*ACTION ITEM*
Excluding any images, copy all of the lines below precisely as written.

[Data records]
BEGIN

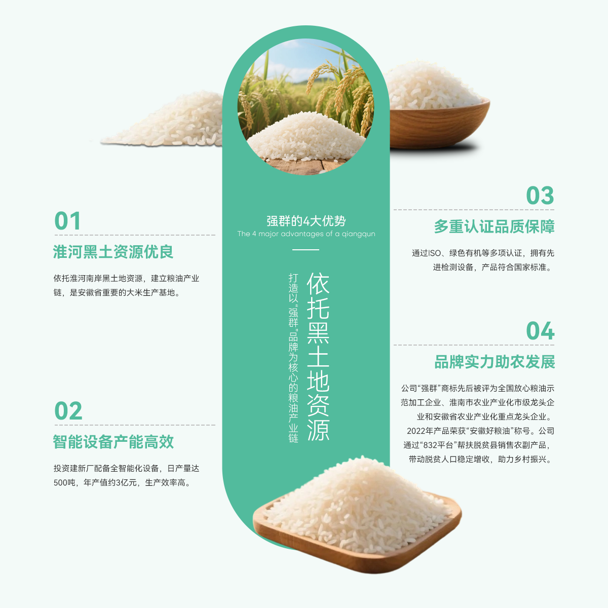 - 壽縣強群糧油貿易有限公司成立于2011年,座落在淮南市壽縣澗溝鎮(zhèn),是一家集種植、加工、收儲、銷售于一體、以生產(chǎn)中、高檔質優(yōu)、特色類大米為主的綜合性企業(yè)。公司依托準河南岸的黑土地資源,打造以“強群”品牌為核心的糧油產(chǎn)業(yè)鏈,是安徽省重要的大米生產(chǎn)基地。 為響應市場增長需求,公司2021年啟動二期擴產(chǎn)工程,其中新生產(chǎn)廠區(qū)建設投入資金近億元,建設現(xiàn)代化新生產(chǎn)線,總占地面積約4000...
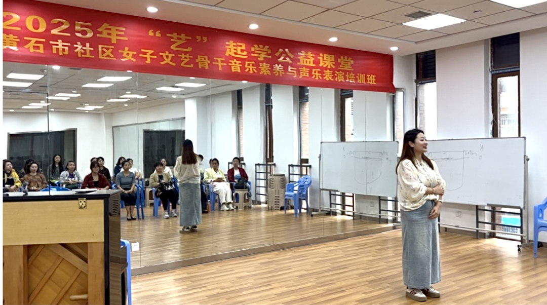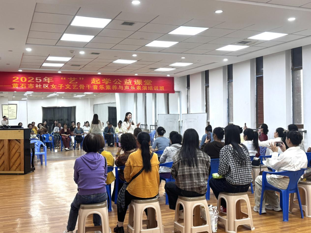 "do-re-mi——"10月15日上午,黄石市群艺馆里传出阵阵悦耳的歌声,2025年"艺"起学公益课堂——黄石市社区女子文艺骨干音乐素养与声乐表演培训班正式开课啦!
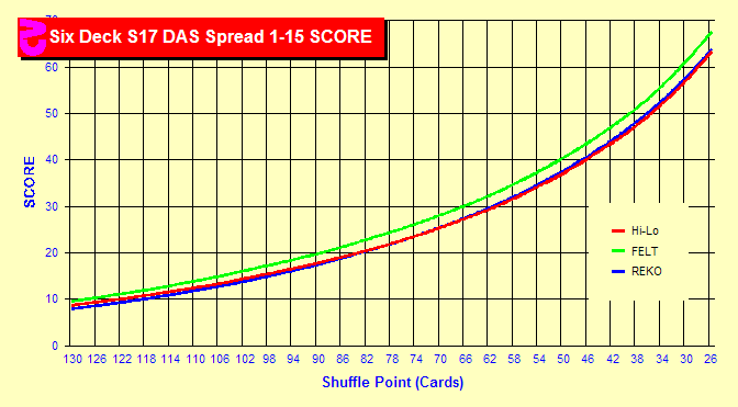 At the far right of this chart, we see the SCOREs for the three systems with 26 cards cut off. That is, 5½ decks dealt out of 6 (often referred to as 5.5/6). At the far left, 130 cards are cut off, or 3½ decks dealt out of 6 (3.5/6). At the deepest penetration, all strategies perform over six times as well as at the shallowest penetration. We can also see that the curves accelerate upwards towards the right. Every extra card of penetration is valuable. The red line displays the SCOREs for Hi-Lo, the standard. REKO performance is depicted by the blue line. We see that at poor penetrations, Hi-Lo performs better. At deep penetrations, REKO performs better. Here we see an example of how looking at only one penetration can affect the results of strategy comparisons. If we wanted to suggest that Hi-Lo was superior, we could pick one penetration or we could pick a different penetration and claim REKO was superior. Overall, REKO and Hi-Lo perform about the same. Of course, REKO does not require the skills of remaining deck estimation, true count calculation, and memorization of different indexes. FELT is depicted by the green line and performs about 7% to 12% better than Hi-Lo depending on penetration. Although FELT has simplified indexes (only two values), it does require the same skills as Hi-Lo and is a level II strategy, adding to complexity.
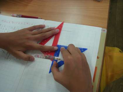 4年1組は、算数の学習をしていました。平行な直線の書き方を考えていました。
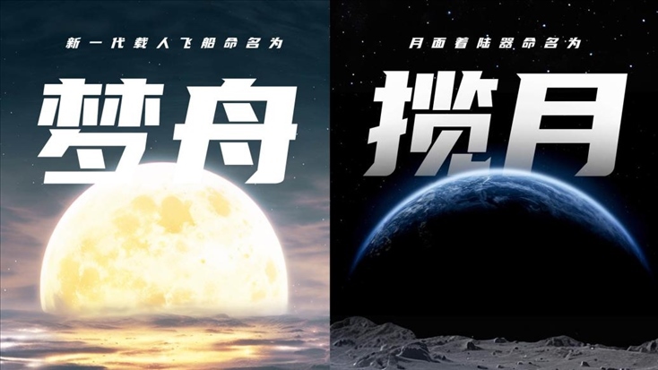 ·中國載人月球探測任務(wù)新飛行器名稱正式確定,新一代載人飛船命名為“夢舟”,月面著陸器命名為“攬月”。
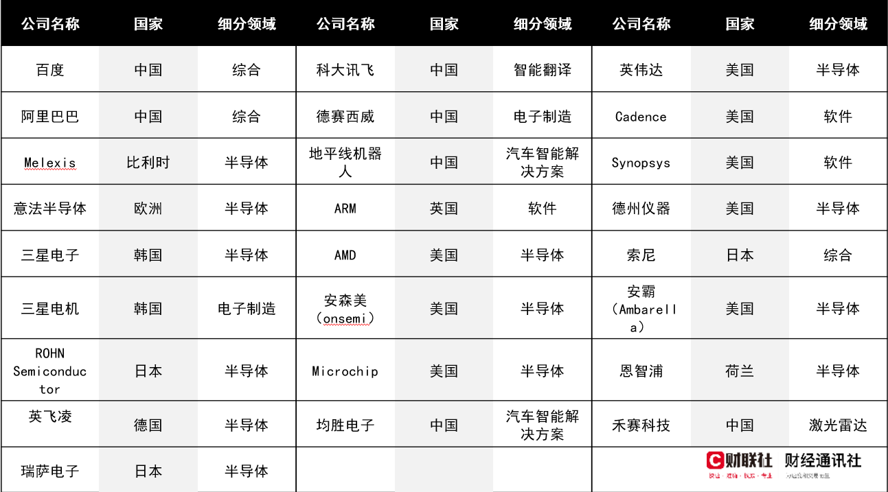 大摩在本月稍早的一份报告中还列出了25家有望在未来主导该行业的公司,分析师称这份名单重点关注在人工智能和计算芯片、摄像头和感知、传感器及运动技术方面有专业知识的公司。

END

*TASK ANSWER*
 - 壽縣強群糧油貿易有限公司成立于2011年,座落在淮南市壽縣澗溝鎮(zhèn),是一家集種植、加工、收儲、銷售于一體、以生產(chǎn)中、高檔質優(yōu)、特色類大米為主的綜合性企業(yè)。公司依托準河南岸的黑土地資源,打造以“強群”品牌為核心的糧油產(chǎn)業(yè)鏈,是安徽省重要的大米生產(chǎn)基地。 為響應市場增長需求,公司2021年啟動二期擴產(chǎn)工程,其中新生產(chǎn)廠區(qū)建設投入資金近億元,建設現(xiàn)代化新生產(chǎn)線,總占地面積約4000...
 "do-re-mi——"10月15日上午,黄石市群艺馆里传出阵阵悦耳的歌声,2025年"艺"起学公益课堂——黄石市社区女子文艺骨干音乐素养与声乐表演培训班正式开课啦!
 At the far right of this chart, we see the SCOREs for the three systems with 26 cards cut off. That is, 5½ decks dealt out of 6 (often referred to as 5.5/6). At the far left, 130 cards are cut off, or 3½ decks dealt out of 6 (3.5/6). At the deepest penetration, all strategies perform over six times as well as at the shallowest penetration. We can also see that the curves accelerate upwards towards the right. Every extra card of penetration is valuable. The red line displays the SCOREs for Hi-Lo, the standard. REKO performance is depicted by the blue line. We see that at poor penetrations, Hi-Lo performs better. At deep penetrations, REKO performs better. Here we see an example of how looking at only one penetration can affect the results of strategy comparisons. If we wanted to suggest that Hi-Lo was superior, we could pick one penetration or we could pick a different penetration and claim REKO was superior. Overall, REKO and Hi-Lo perform about the same. Of course, REKO does not require the skills of remaining deck estimation, true count calculation, and memorization of different indexes. FELT is depicted by the green line and performs about 7% to 12% better than Hi-Lo depending on penetration. Although FELT has simplified indexes (only two values), it does require the same skills as Hi-Lo and is a level II strategy, adding to complexity.
 4年1組は、算数の学習をしていました。平行な直線の書き方を考えていました。
 ·中國載人月球探測任務(wù)新飛行器名稱正式確定,新一代載人飛船命名為“夢舟”,月面著陸器命名為“攬月”。
 大摩在本月稍早的一份报告中还列出了25家有望在未来主导该行业的公司,分析师称这份名单重点关注在人工智能和计算芯片、摄像头和感知、传感器及运动技术方面有专业知识的公司。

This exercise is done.